Saudi Arabia is ready to turn valves
With 260 billion barrels of oil, Saudi Arabia has more than double the proven reserves of Iran, its nearest competitor within OPEC.
In an interview in Dhahran, in the Kingdom’s Eastern Provence, the veteran energy minister Ali Al Naimi said the country is ready step back in as the swing oil producer if sanctions undermine Iran’s exports of 2.2 million barrels a day.
“We have the capacity to produce 12.5 (million barrels a day) and we are idling now between 9.4 and 9.8. So we have substantial spare capacity,” he said.
Naimi also suggested it could happen much faster than the market was anticipating. “I believe we can easily get up to 11.4, 11.8 almost immediately, in a few days. Because all we need is to turn valves. Now to get to the next 700 (thousand) or so, we probably need about 90 days.”
The CNN interview took place after Saudi Arabia signed a third joint venture, with Sinopec of China, to supply 400 thousand barrels a day from Saudi’s west coast port of Yanbu by 2014.
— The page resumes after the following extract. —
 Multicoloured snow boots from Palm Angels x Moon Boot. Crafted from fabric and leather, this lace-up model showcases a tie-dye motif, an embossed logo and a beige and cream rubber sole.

That refinery on the Red Sea will avoid tanker passage through the Strait of Hormuz, which Iran has threatened to close if Europe and the United States intensify sanctions.
Naimi said that half of the nearly ten million barrels a day pass through the Strait but it has options to divert more crude via pipelines to Red Sea facilities. He was however sceptical that Iran could close the vital sea lane for a sustained period of time.
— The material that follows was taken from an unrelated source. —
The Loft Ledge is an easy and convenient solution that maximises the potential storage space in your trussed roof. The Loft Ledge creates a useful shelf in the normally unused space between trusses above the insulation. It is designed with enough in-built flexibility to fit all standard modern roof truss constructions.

“I personally do not believe that the Strait, if it were shut, will be shut for any length of time. The world cannot stand for that.”
This view was shared by the Secretary General of the United Nations, Ban Ki Moon during a CNN interview in Abu Dhabi Monday. He said the important transport artery needs to be protected and that Iran must abide by the international laws of the sea.
Saudi officials, speaking on background, said it was a country’s sovereign right to protect the interest of its customers and to stabilise the market. The comments preceded Iran’s warning that if other producers from the Gulf came in to replace crude on the market “these countries would be the main culprits of whatever happens in the region,” said Iranian OPEC Governor Mohammad Ali Khatibi.
Saudi Arabia and others within OPEC express concerns that a spike in prices could undermine demand, which is the scenario that played out in the second half of 2008. Oil peaked at $147 in July 2008 only to cascade down to the mid-$30 level by December of that year.
Naimi believes that with added production from the Kingdom and others in the region such as Kuwait and the United Arab Emirates, keeping prices near where they are today can be defended.“Our wish and hope is we can stabilize this oil price and keep it at a level around $100.”
That is a departure from its target two years ago of $75-$80 a barrel, but one that he says producers and consumers can live with in today’s climate.